The most amusing and useful style manual ever.

Ms. Burckmyer has obviously mastered the art of writing herself, and can make her readers laugh while she also teaches them. This is a gem, and its scope is far beyond the world of business writing; anyone who seeks to communicate effectively in print will gain from reading it. And chuckle besides!

A practical and effective primer that is fun to read!

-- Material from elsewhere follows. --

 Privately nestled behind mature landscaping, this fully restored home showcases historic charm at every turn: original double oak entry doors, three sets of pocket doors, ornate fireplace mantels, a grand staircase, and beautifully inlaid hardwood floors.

If only Ms. Burckmyer had written this gem 20 years ago! I am a recently retired business executive who had to resort to my own improvised methods of teaching the rules of English construction and effective writing to a generation of bright young managers whose good ideas were masked far too often by disorganized and poorly executed written work.Why Does My Boss Hate My Writing? is a handy little book that can be readily absorbed --and actually enjoyed-- by even the most reluctant or defensive of those in need of remedial instruction. It tackles and teaches the basics of good writing in easy-to-read chapters that illustrate, often with engaging humor, the practical consequences of inattention to the rules of effective writing.Ms. Burckmyer accomplishes much more than providing the reader with an enumeration of the basic lessons of grammar and syntax, she addresses the subtleties of tone and style that soothe the concerns of disgruntled customers, win negotiations with business adversaries, and convince the skeptics within our organizations of the wisdom of our thinking.I highly recommend this succinct and well written primer. It should be required reading for every management trainee, newly minted M.B.A., and the legions of junior consultants, lawyers, and accountants who aspire to be business advisors. I also recommend this book for the seasoned executive; it contains some helpful reminders that may refrest your own writing style and make you a more effective critic of your company's communications.

A sparkling new look at the basic rules of expression

In this new book on writing, Becky Burckmyer aims directly at helping people in the business world improve their writing skills. But the book will be useful for a far wider audience. In a funny, erudite style, Burckmyer combines the powerful simplicity of Strunk and White's "The Elements of Style" with the sophisticated and durable wisdom of "The Careful Writer" by Theodore Bernstein. She has taken the old basic rules--rules so often mangled in today's business world--and showcased them in terms of today's linguistic situations. One of the strongest messages here is that when it comes to written communications, it isn't good enough to get things 98 or 99 per cent right; it's the small, glaring mistake that can become the writer's self-portrait. Burckmyer's entertaining look at language will be useful not only as a handbook within the workplace but should take it's place on the shelf of anyone who wants to be an effective writer.